Top of SUPPLIED RECORDS

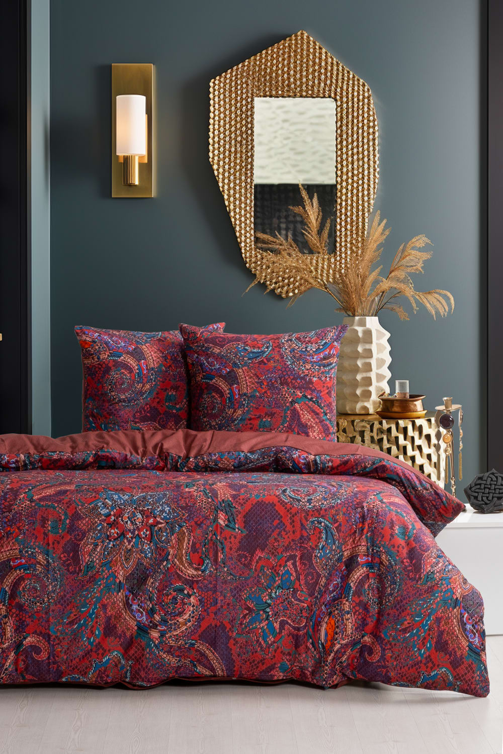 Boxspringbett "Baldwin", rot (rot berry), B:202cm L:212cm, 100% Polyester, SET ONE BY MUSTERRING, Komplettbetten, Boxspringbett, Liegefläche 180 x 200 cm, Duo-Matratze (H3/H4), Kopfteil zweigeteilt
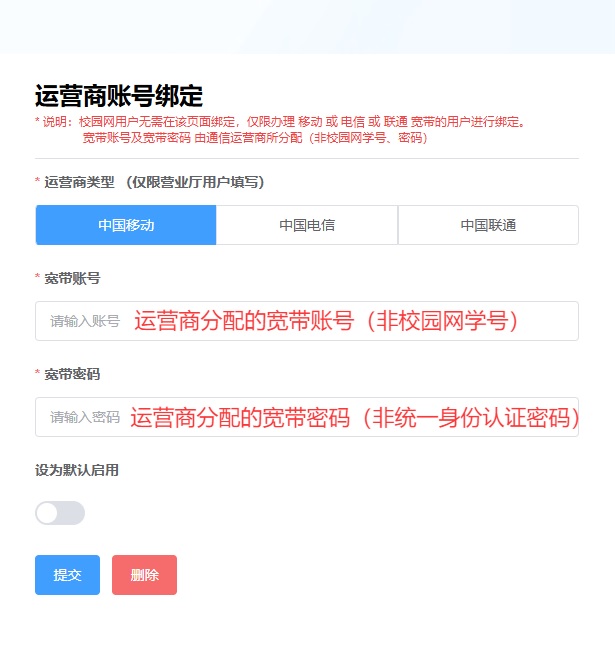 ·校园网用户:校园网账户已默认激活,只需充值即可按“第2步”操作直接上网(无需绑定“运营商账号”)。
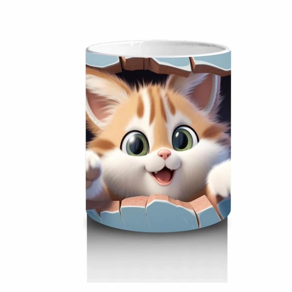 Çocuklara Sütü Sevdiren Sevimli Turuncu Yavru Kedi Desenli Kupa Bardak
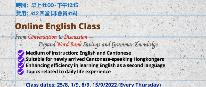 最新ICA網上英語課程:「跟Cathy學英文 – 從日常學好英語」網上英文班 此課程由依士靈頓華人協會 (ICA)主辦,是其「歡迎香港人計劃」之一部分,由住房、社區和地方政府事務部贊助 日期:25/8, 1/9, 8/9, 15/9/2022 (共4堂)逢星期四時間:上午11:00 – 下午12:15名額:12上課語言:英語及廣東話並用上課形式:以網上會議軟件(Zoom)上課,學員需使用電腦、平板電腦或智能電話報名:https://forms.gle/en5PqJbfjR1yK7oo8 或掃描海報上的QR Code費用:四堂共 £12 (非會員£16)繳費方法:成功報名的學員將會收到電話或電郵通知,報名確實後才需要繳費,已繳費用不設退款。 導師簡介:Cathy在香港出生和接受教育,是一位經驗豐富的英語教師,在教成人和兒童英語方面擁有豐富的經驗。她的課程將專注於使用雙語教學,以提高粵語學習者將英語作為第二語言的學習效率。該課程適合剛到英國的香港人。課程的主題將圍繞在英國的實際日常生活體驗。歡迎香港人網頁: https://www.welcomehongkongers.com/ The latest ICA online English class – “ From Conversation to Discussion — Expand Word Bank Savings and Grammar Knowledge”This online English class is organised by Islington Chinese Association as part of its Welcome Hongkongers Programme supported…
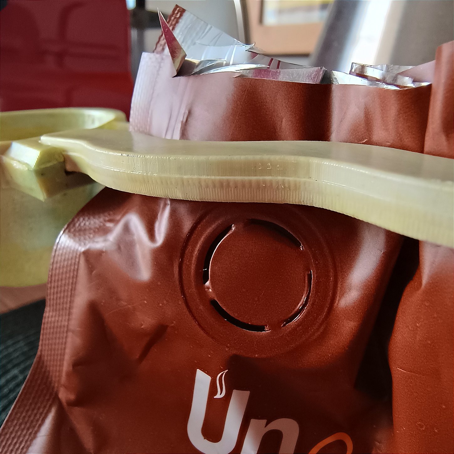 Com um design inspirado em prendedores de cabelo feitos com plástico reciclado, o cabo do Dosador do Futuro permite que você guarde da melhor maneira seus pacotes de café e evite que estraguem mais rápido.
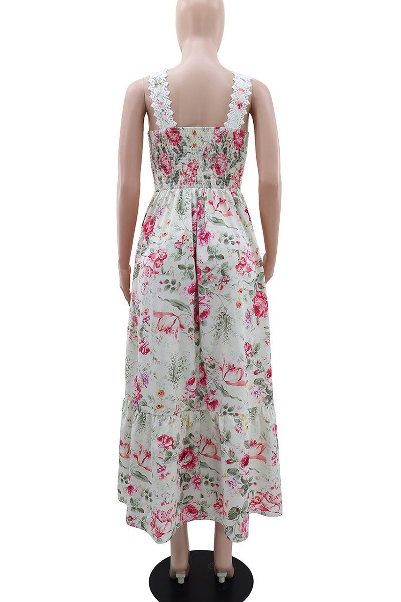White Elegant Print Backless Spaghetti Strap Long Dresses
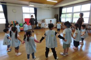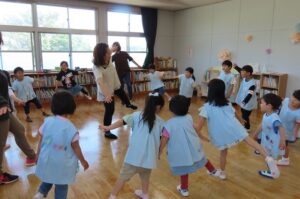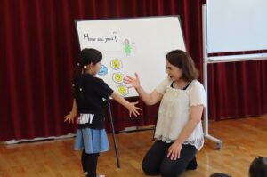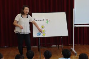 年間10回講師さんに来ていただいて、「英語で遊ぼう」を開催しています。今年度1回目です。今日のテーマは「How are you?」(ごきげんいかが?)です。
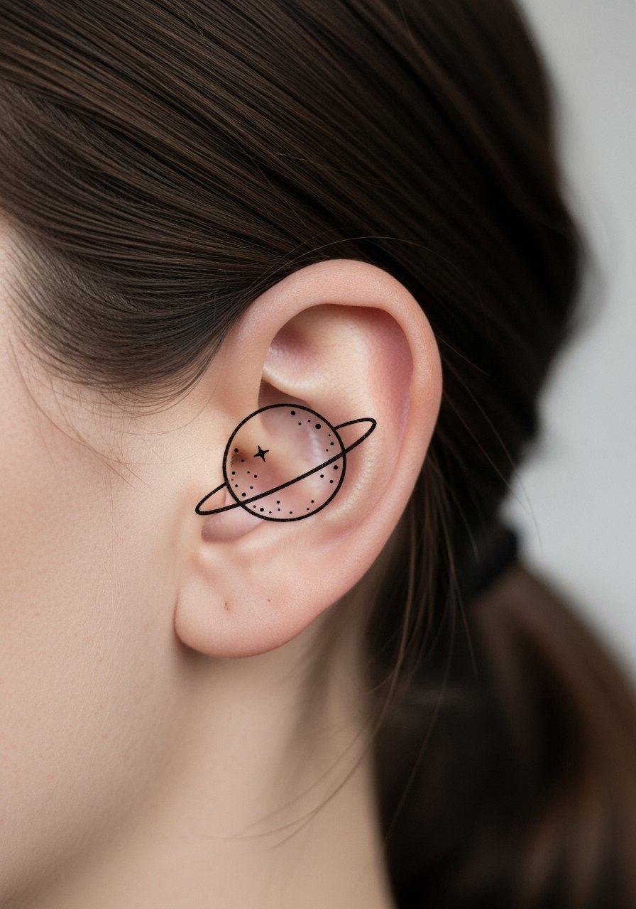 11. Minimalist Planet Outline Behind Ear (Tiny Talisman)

Bottom of SUPPLIED RECORDS

→ **REQUIRED ACTION**
Give again, exactly as written above, each line from the one that has "Çocuklara Sütü Sevdiren" to the one that has "Com um design", both included; omit the pictures.

→ **FINISHED TASK**
 Çocuklara Sütü Sevdiren Sevimli Turuncu Yavru Kedi Desenli Kupa Bardak
 最新ICA網上英語課程:「跟Cathy學英文 – 從日常學好英語」網上英文班 此課程由依士靈頓華人協會 (ICA)主辦,是其「歡迎香港人計劃」之一部分,由住房、社區和地方政府事務部贊助 日期:25/8, 1/9, 8/9, 15/9/2022 (共4堂)逢星期四時間:上午11:00 – 下午12:15名額:12上課語言:英語及廣東話並用上課形式:以網上會議軟件(Zoom)上課,學員需使用電腦、平板電腦或智能電話報名:https://forms.gle/en5PqJbfjR1yK7oo8 或掃描海報上的QR Code費用:四堂共 £12 (非會員£16)繳費方法:成功報名的學員將會收到電話或電郵通知,報名確實後才需要繳費,已繳費用不設退款。 導師簡介:Cathy在香港出生和接受教育,是一位經驗豐富的英語教師,在教成人和兒童英語方面擁有豐富的經驗。她的課程將專注於使用雙語教學,以提高粵語學習者將英語作為第二語言的學習效率。該課程適合剛到英國的香港人。課程的主題將圍繞在英國的實際日常生活體驗。歡迎香港人網頁: https://www.welcomehongkongers.com/ The latest ICA online English class – “ From Conversation to Discussion — Expand Word Bank Savings and Grammar Knowledge”This online English class is organised by Islington Chinese Association as part of its Welcome Hongkongers Programme supported…
 Com um design inspirado em prendedores de cabelo feitos com plástico reciclado, o cabo do Dosador do Futuro permite que você guarde da melhor maneira seus pacotes de café e evite que estraguem mais rápido.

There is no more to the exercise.